By way of introduction, it should be noted that in the described embodiment, the same parts or states are provided with the same reference numerals or the same component names, wherein the disclosures contained in the entire description can be mutatis mutandis to the same parts or states with the same reference numerals or component names. Furthermore, individual features from the exemplary embodiment shown can also represent separate solutions according to the invention.

1 shows a device for controlling the electrical voltage between a - shown with the arrow - generator 1 and a - also indicated only by an arrow - Endverbraucher 2 shown, being provided for the control of a control transformer 3 in the embodiment of an autotransformer is. This autotransformer has on the secondary side a control winding with part windings 4. The control winding is connected via a tap 5, for example via a center tap with the primary winding 6 of the autotransformer. This allows both an increase and a decrease in end-user-side voltage. The taps 5 of the control winding are connected via a switch 7 optionally with the output to the end user 2. The control of the switch 7 is carried out unregulated with the control device 8 or regulated by a voltage regulator 10. The switching takes place stepwise by closing a switching path adjacent to the closed switching path and then opening the original switching path. As a result, the end-user-side voltage can be increased or decreased. In addition, on the side of the end user 2, an integrated overvoltage protection 11 may be provided. 8th

In order to increase the short-circuit impedance of the control winding, the regulating transformer 3 in the embodiment as an autotransformer has a widened spreading gap 9. As a result of this increase in the stray impedance, the circulating current is limited to the magnitude of the rated current in the event of a short circuit.

According to FIG. 2, the device for regulating the electrical voltage between a generator 1 and an end consumer 2 is again shown, wherein a regulating transformer 3 in the embodiment of a full transformer with secondary-side control winding is provided for the regulation. In this case, the connection of the control winding with the part windings 4 via the winding end to a winding end of the secondary-side main winding of the control transformer 3. At the part windings 4, a changeover switch 7 is provided with its control device 8 again. To increase the leakage impedance, the control transformer 3 also again has a widened spreading gap 9. The leakage impedance of the secondary main winding 14 is not increased.

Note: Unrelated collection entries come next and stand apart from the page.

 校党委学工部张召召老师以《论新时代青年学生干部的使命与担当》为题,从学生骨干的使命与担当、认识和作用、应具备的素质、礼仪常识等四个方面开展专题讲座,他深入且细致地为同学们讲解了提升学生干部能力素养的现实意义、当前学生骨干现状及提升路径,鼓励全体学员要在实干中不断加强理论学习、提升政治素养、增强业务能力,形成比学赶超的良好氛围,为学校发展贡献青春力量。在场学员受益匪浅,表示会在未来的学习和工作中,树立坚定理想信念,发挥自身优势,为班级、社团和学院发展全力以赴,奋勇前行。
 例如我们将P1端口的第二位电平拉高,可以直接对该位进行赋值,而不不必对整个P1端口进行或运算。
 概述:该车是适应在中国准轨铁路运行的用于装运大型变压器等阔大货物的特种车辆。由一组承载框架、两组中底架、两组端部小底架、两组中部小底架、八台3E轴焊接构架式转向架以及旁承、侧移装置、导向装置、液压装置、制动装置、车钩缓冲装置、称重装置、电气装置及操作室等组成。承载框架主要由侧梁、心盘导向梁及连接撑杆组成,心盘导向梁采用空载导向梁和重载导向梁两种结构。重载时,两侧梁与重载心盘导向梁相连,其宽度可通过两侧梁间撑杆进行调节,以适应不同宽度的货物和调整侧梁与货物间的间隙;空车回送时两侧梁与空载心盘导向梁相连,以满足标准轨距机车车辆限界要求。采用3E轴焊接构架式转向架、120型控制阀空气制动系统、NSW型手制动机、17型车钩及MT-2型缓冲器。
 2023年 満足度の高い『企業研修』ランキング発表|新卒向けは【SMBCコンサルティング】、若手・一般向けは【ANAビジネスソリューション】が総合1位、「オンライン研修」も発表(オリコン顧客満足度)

The switch 7 is designed as a multi-stage cam switch and corresponds to the taps 5 of the partial windings. 4

According to FIG. 3, a device for regulating the electrical voltage between a generator 1 and an end user 2 is shown, wherein a regulating transformer 3 in the embodiment of an autotransformer is provided for the regulation. This autotransformer has a control winding with partial windings 4 on the primary side. The control winding is connected via a tap 5, for example via a center tap with the primary winding 6 of the autotransformer. This allows both an increase and a decrease in end-user-side voltage. The taps 5 of the control winding are connected via a switch 7 optionally with the output to the end user 2. The control of the switch 7 is carried out unregulated with the control device 8 or regulated by a voltage regulator 10. The switching takes place gradually, by a 9 adjacent to the closed switching path

Switching path closed and then the original switching path is opened. As a result, the end-user-side voltage can be increased or decreased. In addition, on the side of the end user 2, an integrated overvoltage protection 11 may be provided.

In order to increase the short-circuit impedance of the control winding, the regulating transformer 3 in the embodiment as an autotransformer has a widened spreading gap 9. As a result of this increase in the stray impedance, the circulating current is limited to the magnitude of the rated current in the event of a short circuit.

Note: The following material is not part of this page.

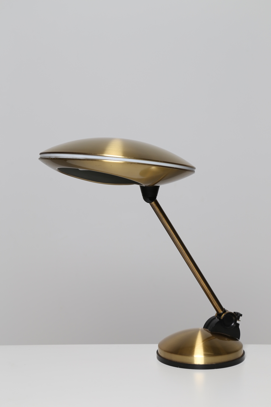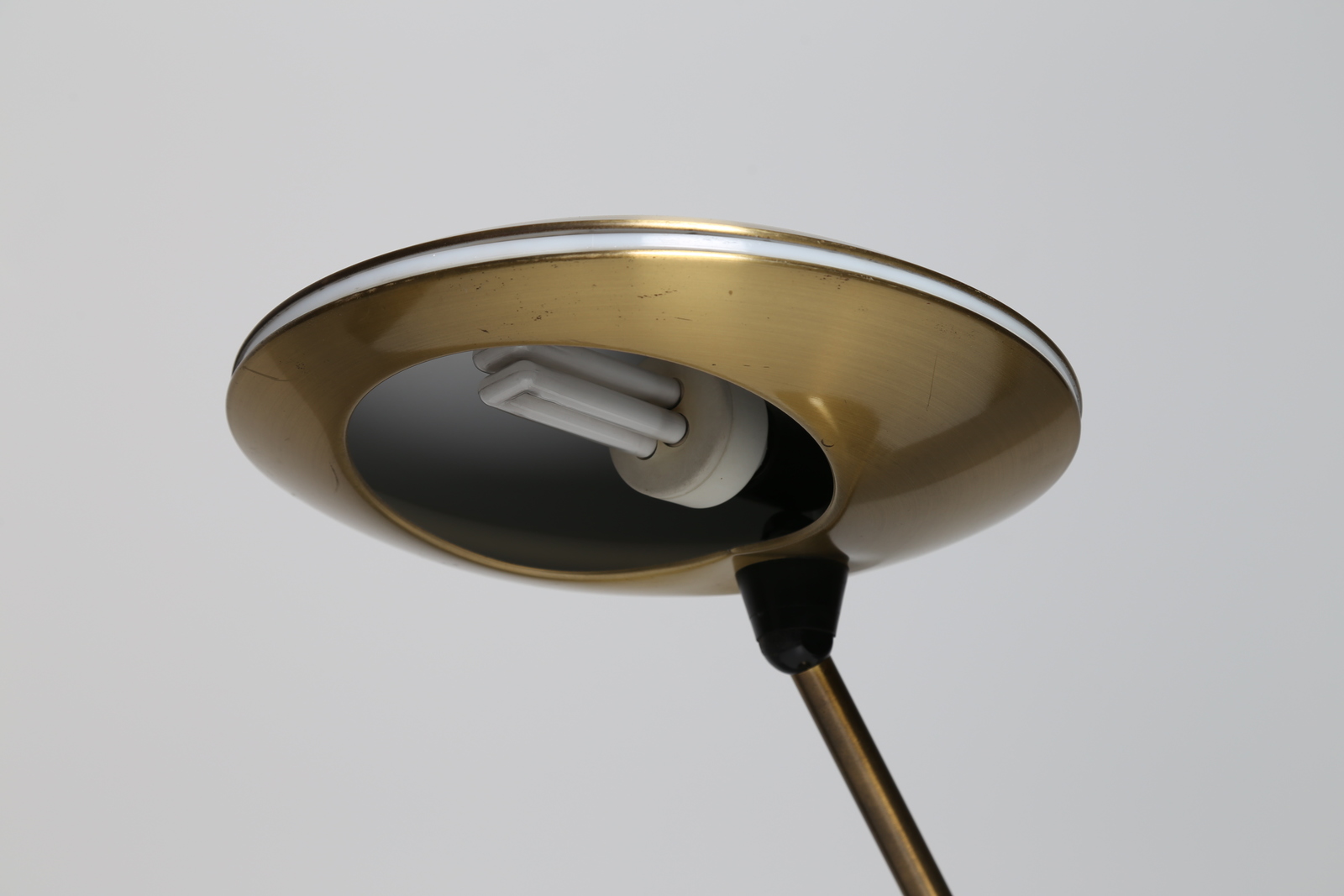Lotto 125 | MANIFATTURA ITALIANA Lampada da tavolo in metallo, ottone, plastica e vetro...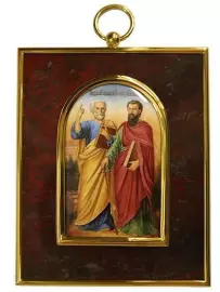 Икона "Святые Петр и Павел" с перламутром Икона "Святые Петр и Павел" с перламутром Святые Петр и Павел, столпы ранней Церкви, напоминают нам о силе веры и преобразующей мощи слова. Петр, первый из апостолов, символизирует твердую основу веры. В Евангелиях он описывается как один из самых преданных учеников Христа, несмотря на свои слабости и ошибки, ставший ключевой фигурой в основании христианской церкви. Согласно преданию, Петр был распят вниз головой, поскольку чувствовал себя недостойным умереть так же, как и его Господь. Павел, изначально известный как Савл, был рьяным преследователем христиан, но после своего обращения на пути в Дамаск стал одним из самых ревностных проповедников христианства. Его многочисленные письма в адрес ранних христианских общин легли в основу Нового Завета. Павел олицетворяет бесконечное стремление к распространению знания и укреплению веры. Икона "Святые Петр и Павел" — это не просто религиозный символ, это произведение искусства, которое сочетает в себе духовное величие и ремесленное мастерство. На ней изображены два святых, стоящих рядом друг с другом, что символизирует их совместные усилия в основании и укреплении Церкви. Петр держит в руке ключи, символизирующие его власть, данную ему Христом, а Павел — свиток, символизирующий его послания и вклад в распространение христианства. Окантовка иконы украшена сложными орнаментами в стиле традиционной русской иконописи, что придает ей особую красоту и значимость. Яркие краски и детализированные элементы делают икону не только духовным объектом, но и настоящим шедевром искусства. Икона "Святые Петр и Павел" идеально подходит для дома, молитвенного уголка или церковного помещения, добавляя туда атмосферу благоговения и умиротворения. Она станет ценным приобретением для тех, кто ищет утешение и вдохновение в своей вере, а также прекрасным подарком для близких, которые найдут в ней источник духовной поддержки и напоминание о божественном присутствии в их жизни. Эта икона вставлена в изящную рамку и хранится в роскошном футляре, что подчеркивает ее ценность и делает ее достойным подарком для любого верующего. Это произведение искусства, созданное с любовью и благоговением, обязательно найдет свое место в сердце и доме каждого, кто ценит духовность и культурное наследие.

According to FIG. 4, the device for controlling the electrical voltage between a generator 1 and an end user 2 is again shown, wherein a control transformer 3 in the embodiment of a full transformer with primary-side control winding is provided for the regulation. In this case, the connection of the control winding with the partial windings 4 via their winding tap to a winding tap of the main winding of the control transformer 3. At the partial windings 4, a changeover switch 7 is provided with its control device 8 again. To increase the leakage impedance, the control transformer 3 also again has a widened spreading gap 9. The leakage impedance of the secondary main winding 14 is not increased.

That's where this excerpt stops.